What is MERLD, then? What do the receptive issues mean - nothing? I understand that a kid with expressive delays only could do that - but how is a kid who cannot understand language having no issues udnerstanding language
? WT everloving F, OP? If there is nothing wrong with your kid, awesome, move along. If there is, join us over here in the land where things are wrong and unpredictable but get off your high horse, for the love of.


Some of this disagreement seems to be a misunderstanding of the technical terms involved. Receptive language is understanding the vocubulary and grammar of speech. Expressive language is using vocabulary and grammar. Pragmatics is understanding the social and emotional context of language. Each of these is controlled by a different part of the brain that are supposed to work together, but depending on where the miswiring is located, you can have one, two or all three.

So a child may have perfect grammar and a large vocabulary, but not understand the difference between friendly teasing and bullying. That would be pragmatics. Or a child may not understand the words another child is using, but understand friendly tones and gestures. That would be receptive.


Exactly and when there are issues understanding and using vocabulary and grammar, there are pragmatic speech issues. Pragmatic issues can be explained to a child with only pragmatic issues using words but it is a whole other ball game explaining pragmatics if there are receptive issues.


Your statement makes no sense. Just because a child has receptive issues does not mean they have pragmatic. Most receptive language kids have other coping strategies and learn to function, especially socially. I can explain social things very easily to my child as can others. You missed the point of that comment.

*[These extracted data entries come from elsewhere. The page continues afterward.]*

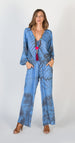 The Arathya boho-chic jumpsuit is a piece with a handmade Baltik print in apricot blue tones.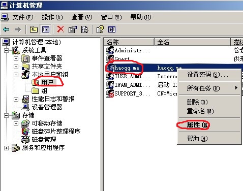 4.找到剛新建的用戶,點擊屬性,接下來,我們要降低用戶的權限
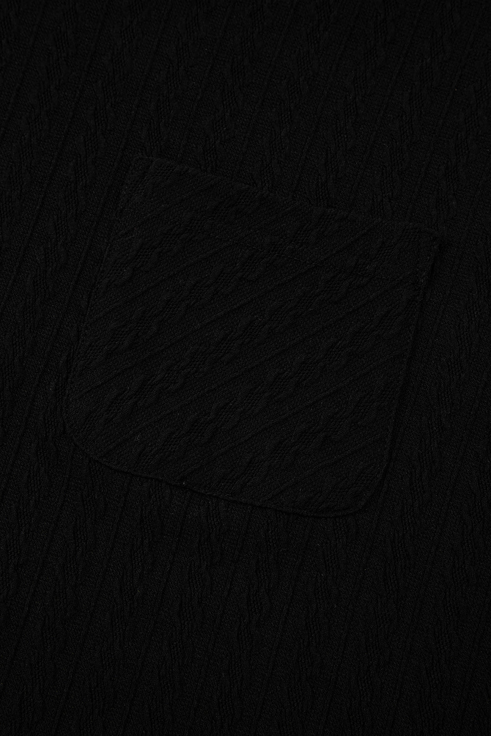Black Textured Chest Pocket Drop Sleeve Top and Pants Set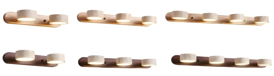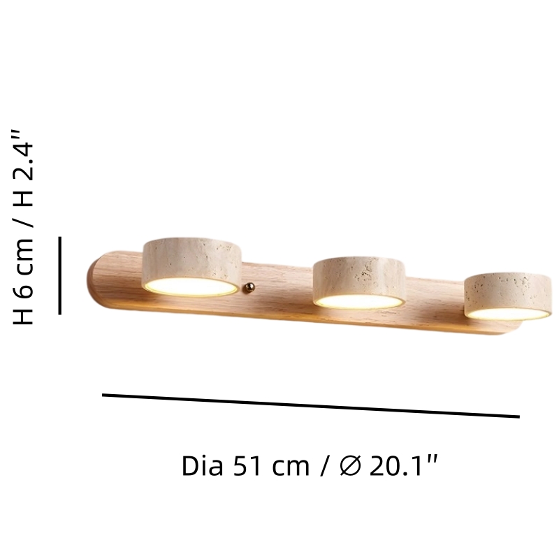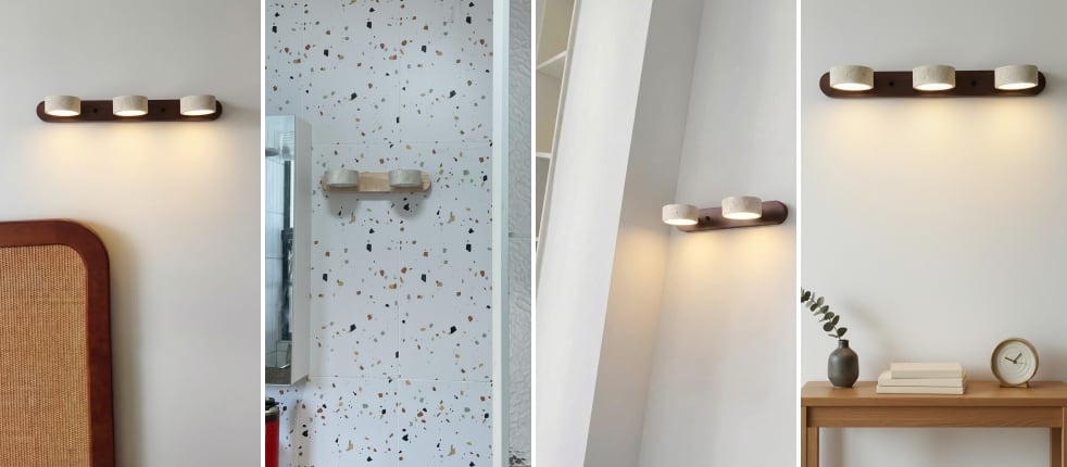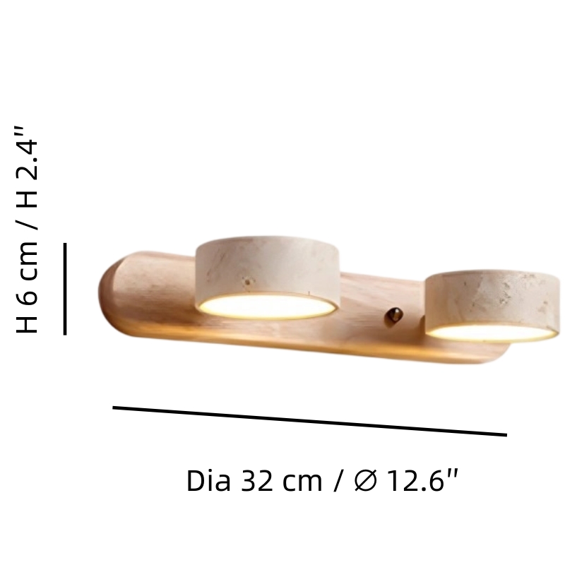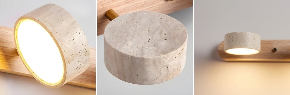 Double wall light in stone and vintage walnut for bathroom mirror and travertine wood wall light for living room provide elegant lighting for the bedroom, kitchen or toilet. The natural stone and travertine wood wall light models with vintage effect combine noble materials and Mediterranean, rustic or wabi-sabi design, creating a warm and refined ambiance suitable for all your spaces.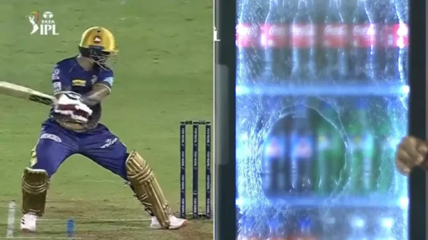 It happened in the 13th over of the innings. Umran steamed in and delivered a pacy short of a length delivery. Rana backed away and played a fierce cut shot using the pace of the bowler. He had timed the ball well as it flew away past the boundary and ended up hitting the fridge near the SRH dugout to break its glass.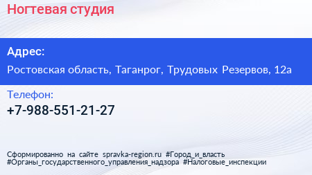 Ногтевая студия по адресу Ростовская область, Таганрог, Трудовых Резервов, 12а в дальнейшем Организация, размещена в следующих категориях: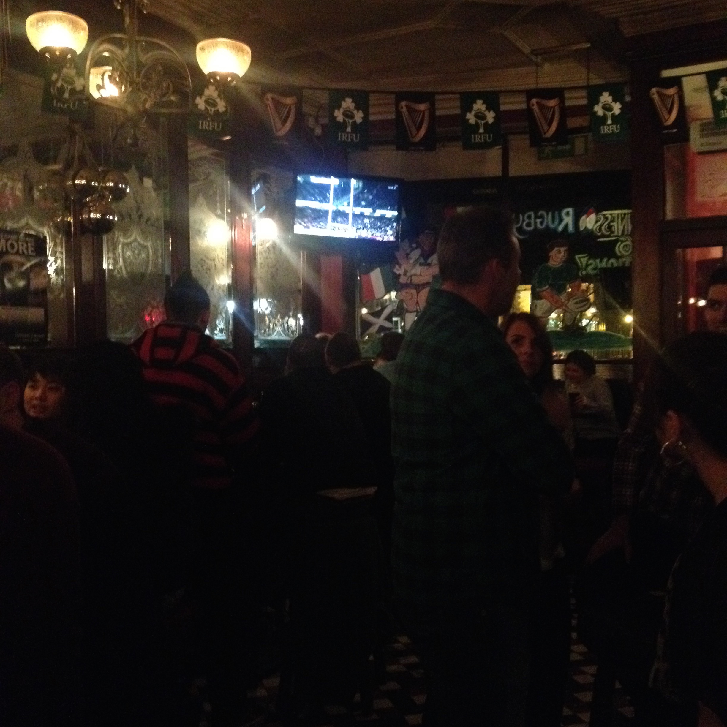 Salimos de allí y fuimos a un supermercado a comprar la cena y luego queríamos ver el partido de Rugby (Wales-England) a un pub llamado O’reilly’s. Decir que estaba a petar es poco, había un ambientazo increíble pero nos apetecía sentarnos y allí resultaba imposible. Acabamos en un céntrico pub llamado “Fitzgeralds”, nos tomamos un par de pintas mientras veíamos el partido. Yo veo poco deporte por la tele porque lo encuentro aburrido pero no es así en el caso del rugby. Lo encontré un deporte de mucho movimiento, fuerza y compañerismo. Además, verlo en un buen pub, rodeados de irlandeses y con una Guinness en la mano ayudó a hacerlo más entretenido. Luego de eso ya nos fuimos al albergue a cenar y luego a dormir.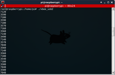 Le mise en route de la Raspberry ayant pris plus de temps que prévu, nous avons juste eu le temps de brancher le module XBee en USB afin de visualiser sur minicom les données reçu par le Xbee. Nous recevons bien les données envoyées par le capteur. Enfin, il a fallu définir une protocole afin de bien comprendre les valeurs reçues : une valeur sur deux correspondra à l'axe X et l'autre à l'axe Y ; les valeurs seront reçues en décimale et chaque valeur aura pour taille 4 chiffres.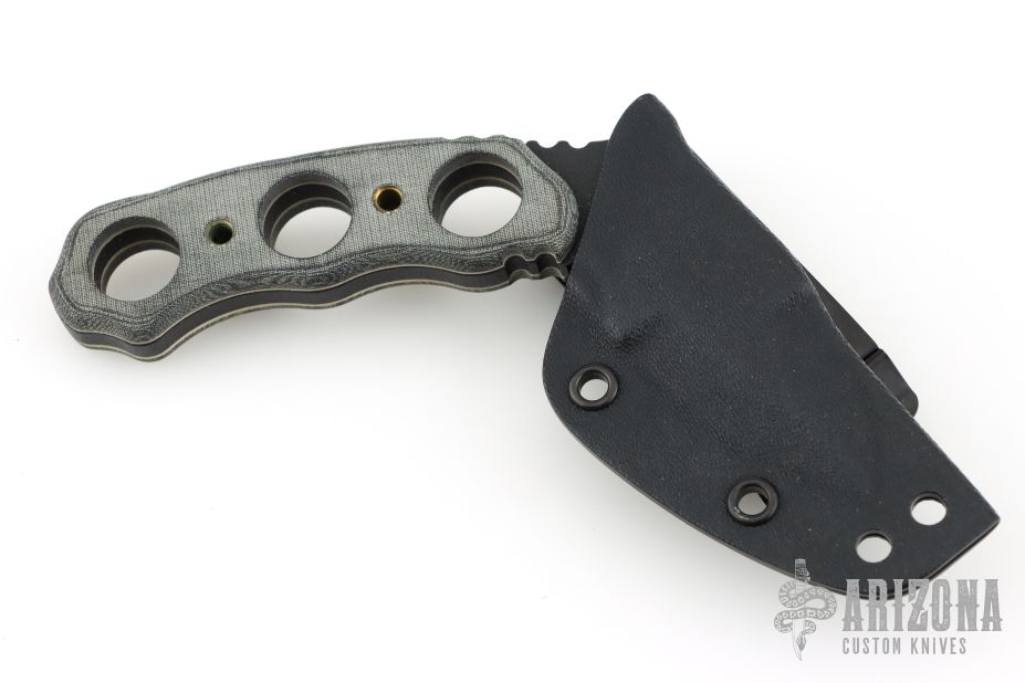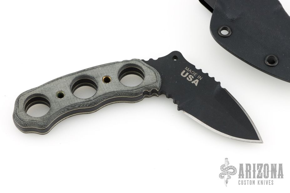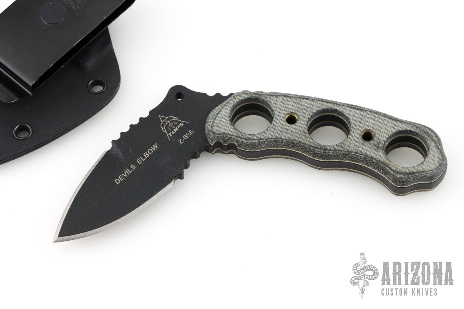 The Devil's Elbow XL is a unique knife that fits a niche market for those who need a small light-weight performance knife. Like TOPS says: this [knife] may look odd, but numerous training sessions have shown that in well trained hands... this is a great defensive tool... and may aid with weapon retention or as at a "last ditch stand." This knife is built strong, to last a life time and then some. Comes with Kydex sheath. Excellent condition.
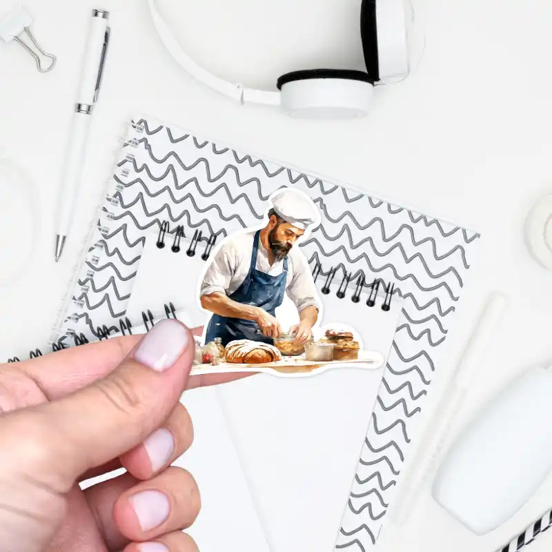 Vzdejte hold kráse řemesla s aršíkem, který zachycuje pekaře a pekařku při práci s těstem. Autentické watercolor ilustrace ve zlatavých tónech jsou skvělým doplňkem pro každý kreativní deník.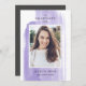 This graduation card announcement features a pretty minimal desiign with watercolor brushstrokes in watercolor Purple with a room for a vertical senior picture of your beautiful grad! Personalize the card adding your photo, name and year. Add an extra message on the back using the template.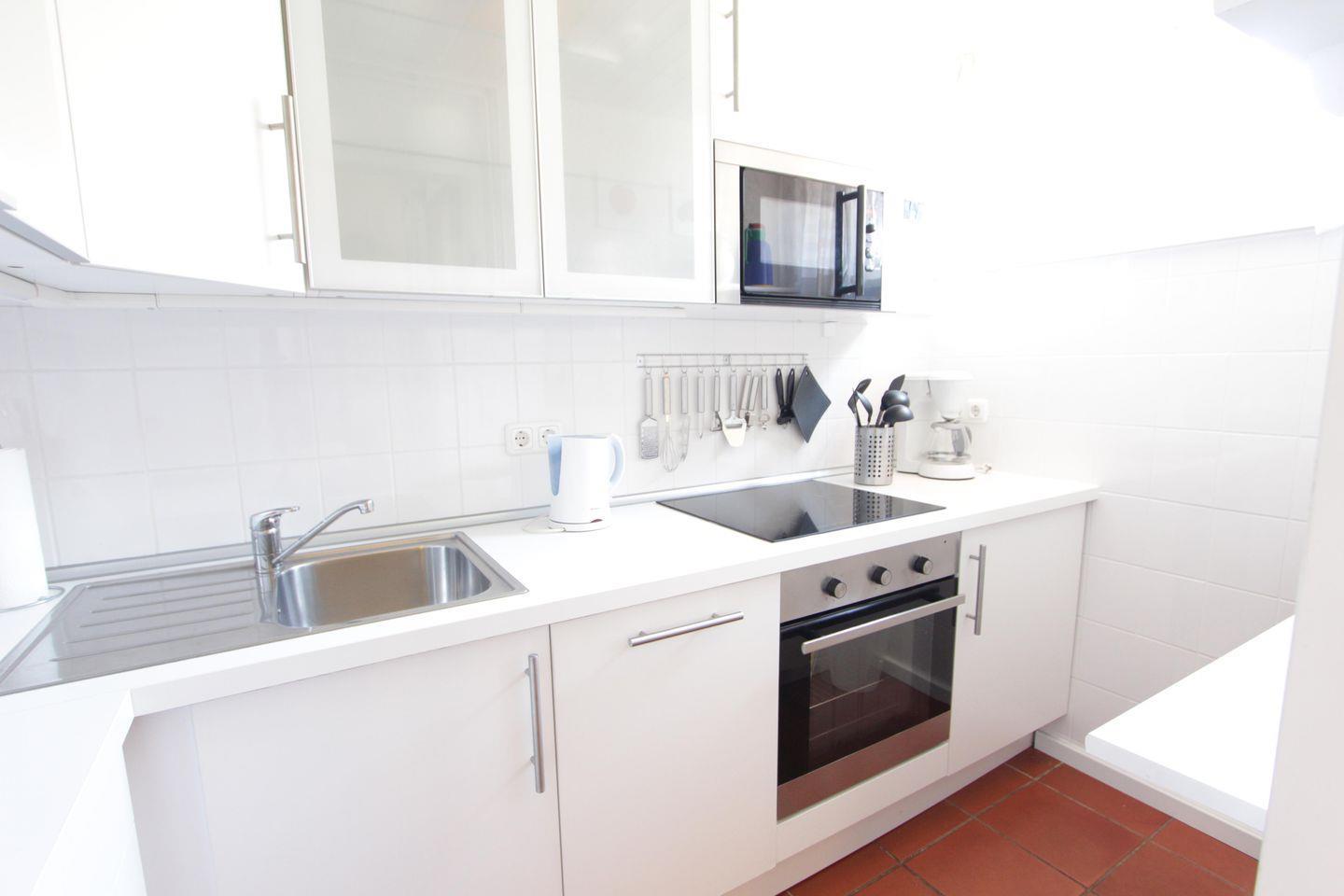Küche: voll ausgestattet mit Geschirrspüler, Kühlschrank und vielen weiteren Küchenhelfern, großer Esstisch mit Sitzbank gegenüber der Küche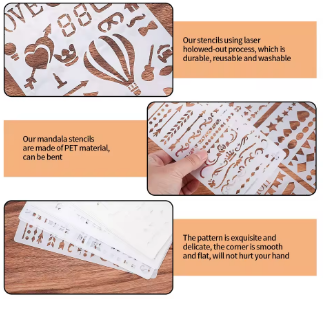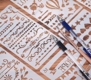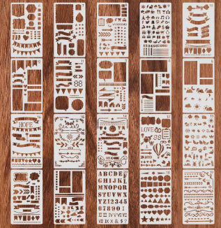 Cada plantilla está fabricada en plástico resistente y reutilizable, con cortes precisos que permiten dibujar fácilmente formas, letras y elementos decorativos.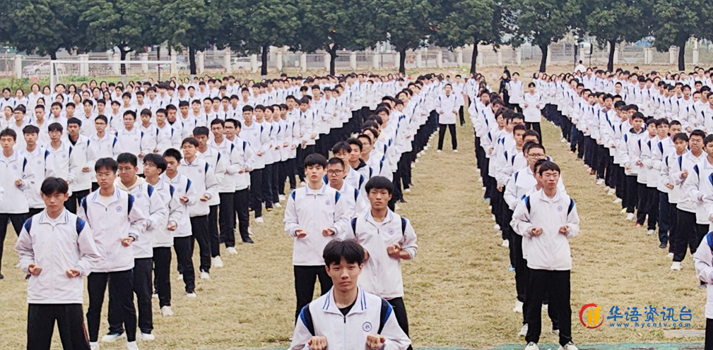 勒流中学的学生们在大课间操时演练咏春拳操。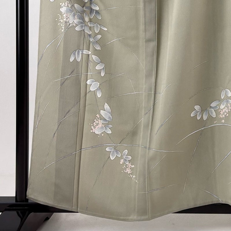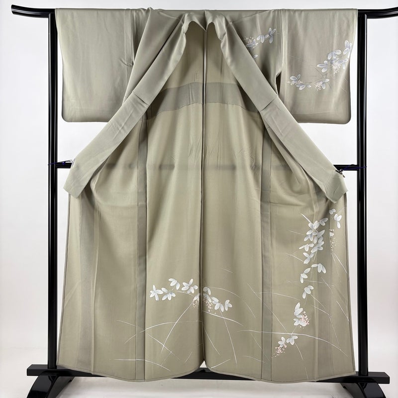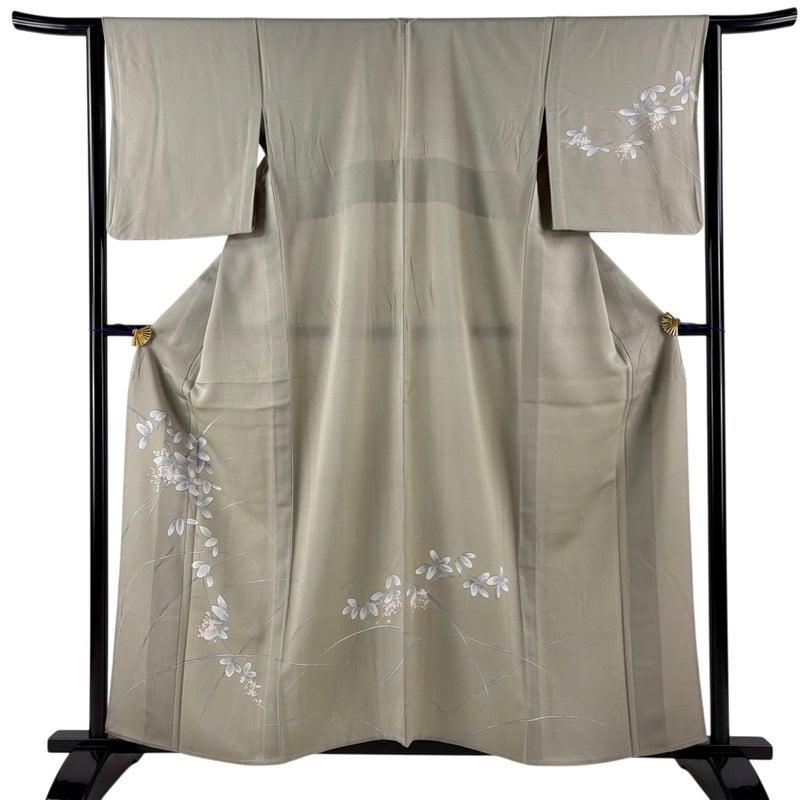 【付下げ】 灰色系 灰緑 秀品 C 約150cm~約159cm 裄丈63cm-64cm (S)size 袖丈49cm 7990-9980 二万以下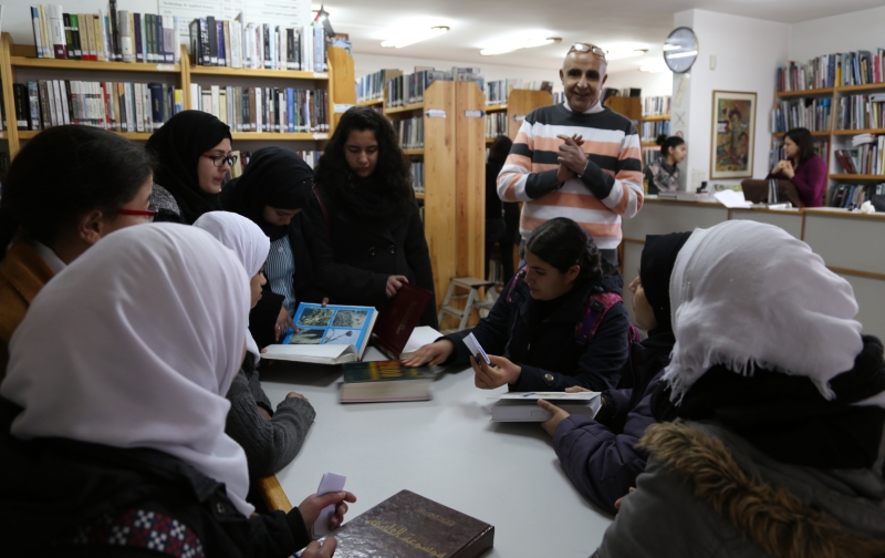 وقدّم مدير وحدة مكتبة "القطّان"، عزمي شنارة، مقدّمة عن تصنيفات الكتب والموسوعات والمجلّات، داعياً الطالبات للبحث عن مراجع محدّدة ليتدرّبنَ على إيجادها بأنفسهنّ، بمساعدته، ومساعدة أخصائية المكتبات ياسمين العيسة.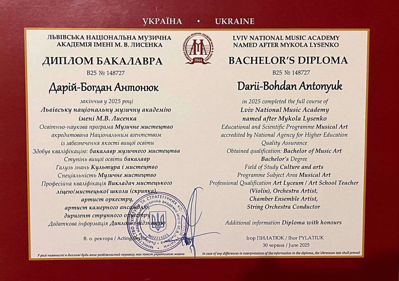 • Професійний досвід: Більше 16 років гри на скрипці та фортепіано та участі в концертах.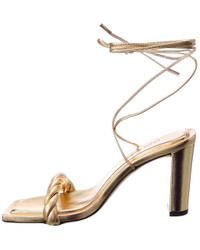 - About the brand: Born in London in the early 90's, Jimmy Choo was one of the first luxury brands to bring shoes and handbags to the red carpet. A playful sense of glamour and exceptional Italian craftsmanship separate Jimmy Choo from the rest, in Hollywood and beyond. - Please note: Size selections are European. For US conversions, please reference size chart. - Based on feedback from Members, this brand typically runs small. We suggest sizing up a half size for most styles. - Made in Italy - Diosa 85 Leather Sandal in gold leather with braided strap - Self-tie ankle wrap closure - Lightly padded leather insole - Smooth leather sole - 3.5in heel - Please note: All measurements are approximate and were taken from a size 37; slight variations may occur. - Our products are 100% genuine. In some cases we purchase merchandise from trusted independent suppliers and not directly from the brand owner. In all cases we stand by the authenticity of every product sold on our site.

Really? How do you explain concepts like "humility", "good sportsmanship", "kindness", etc. without using language? Receptive language delays need much more than coping strategies and that is why a receptive language delay is sometimes an indicator for ID.


Social communication skills are not necessarily dependent on spoken language. Just think about pre-verbal babies, or toddlers with just a few words. Many of them engage in socialization extremely effectively, without any language at all. Conversely, high-functioning ASD kids can have great receptive and expressive language, and still need help with pragmatics. Language is ONE tool to engage in socialization. Not the only one.


Agree. Social communication isn't just dependent on spoken language. This is why ASD is also often diagnosed as "non-verbal learning disability."

While social communication skills are not completely dependent on language. Abstract reasoning ability and IQ tests such as the WISC ARE completely dependent on language. Thus why receptive language issues can also show up as low IQ scores.


Thus bringing it full circle. Kids whose only deficit is pragmatics can be taught pragmatics using words - probably the easiest way to teach social skills. Kids with receptive delays require more than words thus therapies like ABA - whether or not the child has an ASD diagnosis.